Boeing shareholder Tribhuwan K. Bisht alleged Boeing violated federal securities law. Also named as defendants are Dennis Muilenberg, the Boeing CEO who the company has announced will become chairman March 1; Gregory D. Smith, Boeing’s chief financial officer; and W. James McNerney Jr., who was CEO from July 2005 to July 2015. He is retiring as chairman at the end of the month.

In the lawsuit filed on Feb. 22 in Chicago federal court, Bisht asked the court to approve a class of investors to include anyone who purchased Boeing stock between Feb. 9, 2012, and Feb. 11, 2016, saying that in that period Boeing issued “materially false and misleading statements regarding the company’s business, operational and compliance policies.”

The complaint centered on Boeing’s use of “program accounting,” a method that allows companies like aircraft manufacturers to spread costs over the entire cost of a particular product program.

Per the complaint, Boeing’s commercial airplanes division had used program accounting since 2003, “in which the company does not attribute costs for producing a unit to that same unit, but rather divides those costs over an entire jetliner program, essentially allowing Boeing to average out costs and anticipated profits over the duration of the ‘program’ for a specific jet, a period that can last decades and encompass hundreds or even thousands of aircraft.”

Particularly, the complaint took aim at Boeing’s financial reporting for the programs producing its 787 Dreamliner and 747 jumbo jets, saying the company’s use of the method had caused its quarterly and annual financial reports covering the years 2011-2015 to include “false and misleading statements” which relied on “inflated sales forecasts” and “understated estimates of production costs.”

The accounting method was also at the heart of a report published by Bloomberg News indicating the federal Securities and Exchange Commission was “investigating whether Boeing properly accounted for the costs and expected sales of its 787 Dreamliner and 747 jumbo aircraft.”

The article quoted JPMorgan Chase analyst Seth Seifman, who said “any impact on our 787 cash flow forecasts for the coming years” could be a significant detrimental factor on the value of Boeing stock.

According to the Bloomberg report, the SEC investigation was launched after a “tipster” provided the federal agency with internal Boeing accounting documents and data.

Bisht cited dozens of Boeing quarterly financial reports from the period in question to bolster his claim the company made intentionally misleading statements.
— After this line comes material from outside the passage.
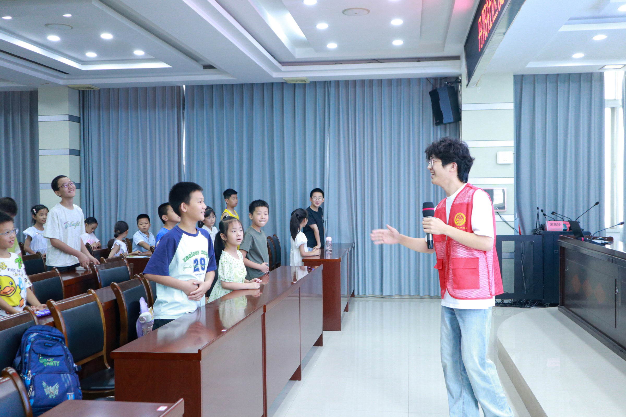 7月9日的课程同样精彩纷呈。上午,由志愿者王力戈组织的读书分享会上,孩子们捧着心爱的书籍勇敢走上台:有的讲述《骆驼祥子》里的故事,有的畅谈《三国演义》中的英雄,还有的分享《小英雄雨来》的勇敢事迹,现场掌声不断。志愿者赵镆涵的音乐课上,他先教给大家唱歌最基本的发音方式,随后带着小朋友们学唱《听妈妈的话》,稚嫩的歌声里满是温情。

Annual reports for the period in question, for instance, showed Boeing’s net income had increased from $4 billion in 2011 to nearly $5.2 billion in 2015, and total revenue had jumped from $68.74 billion to more than $96 billion.
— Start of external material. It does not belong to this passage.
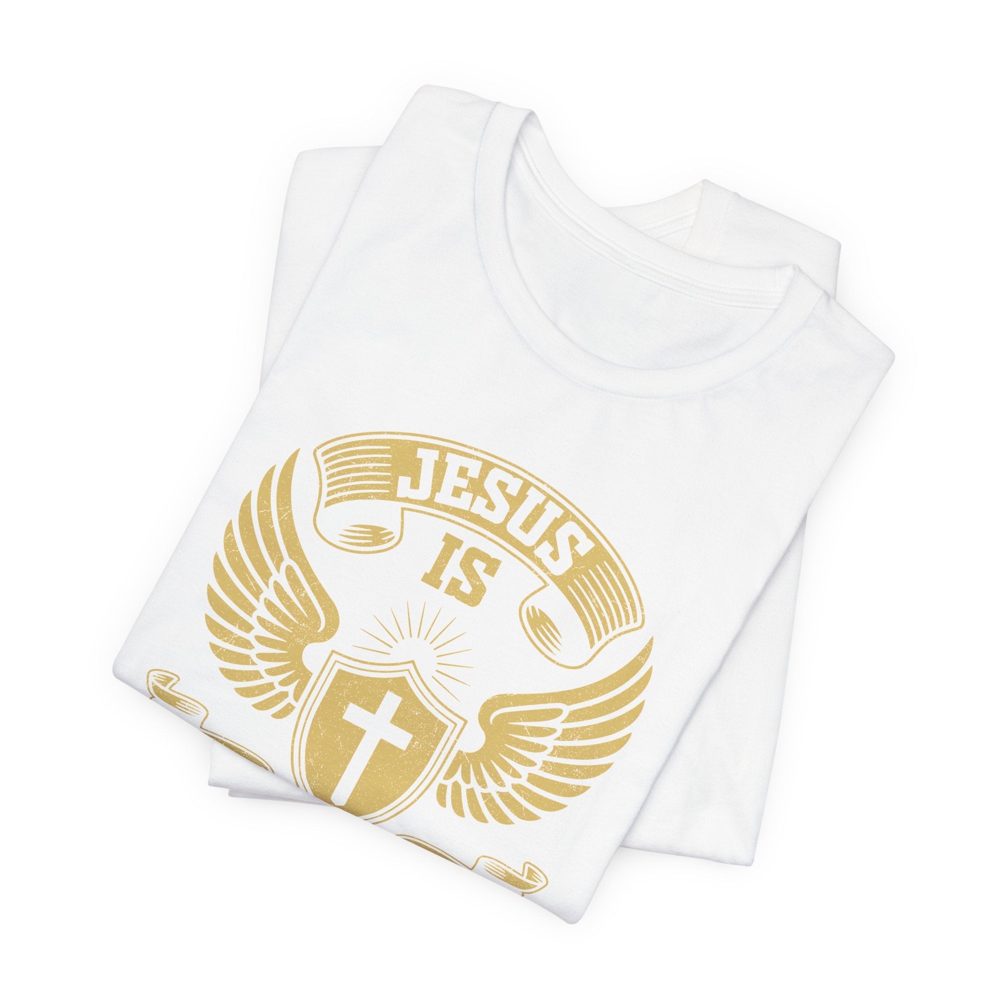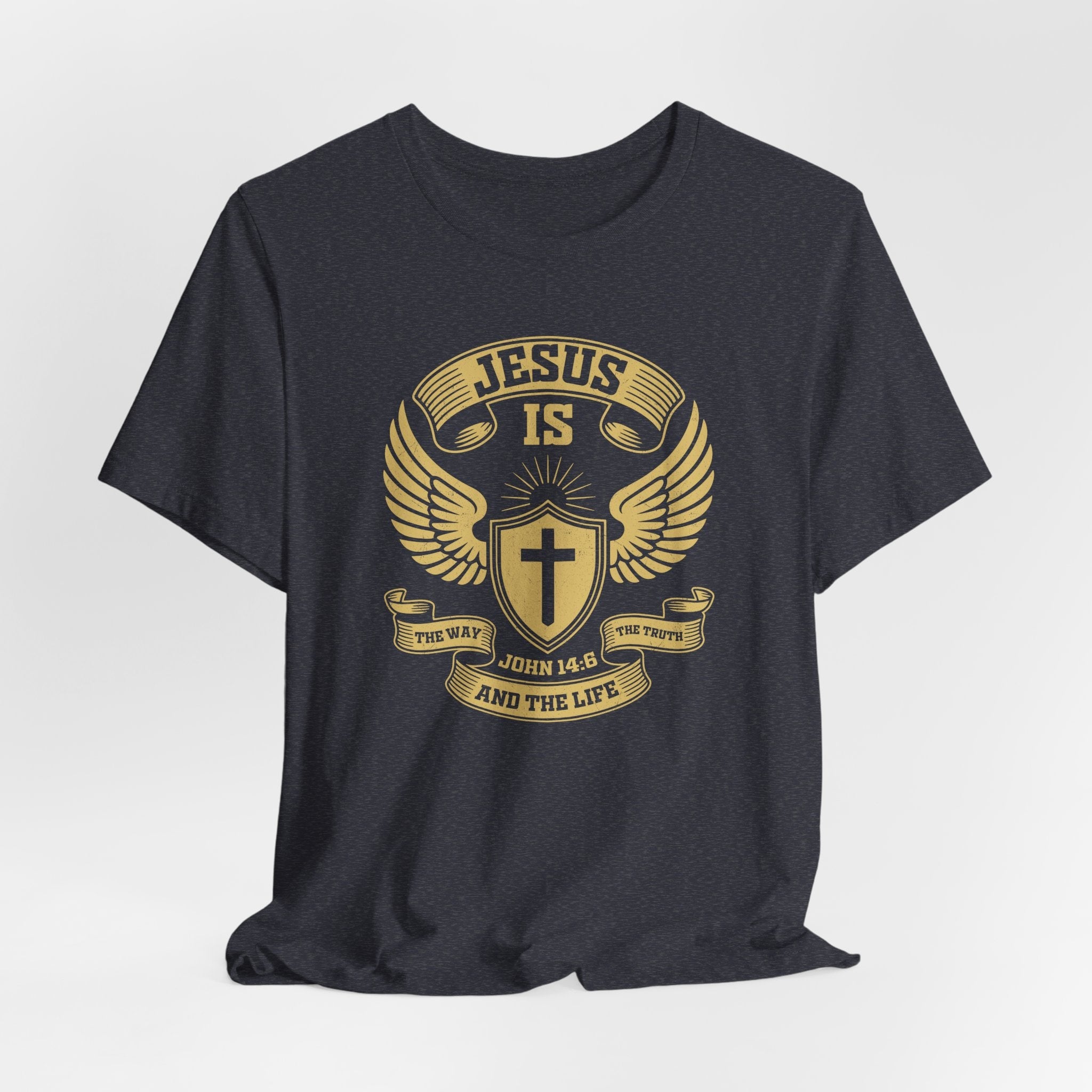 A Shield of Faith: The classic crest design, featuring a shield and wings, makes this Scripture tee a powerful statement of your identity in Christ and the one true path to salvation & grace.

The complaint contended the use of overly optimistic forecasts and potentially inaccurate estimates of declining production costs incited a “precipitous decline in the market value” of Boeing stock following news of the pending SEC investigation.
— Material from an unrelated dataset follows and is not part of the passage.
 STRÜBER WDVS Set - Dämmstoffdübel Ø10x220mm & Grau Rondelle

On Feb. 11, the date of the Bloomberg report, Boeing shares fell 6.8 percent, or $7.92, closing at $108.44. Boeing stock has since recovered, trading near $118 a share on Feb. 23. But it is well off the $145-$149 per share price the stock fetched in late 2015.

The complaint said the class might include hundreds or thousands of members.

In addition to class certification and a jury trial, Bisht asked the court to award unspecified damages with interest, and legal fees.

Bisht and the putative class are represented in the action by attorneys from the firm of Pomerantz LLP, with offices in Chicago and New York.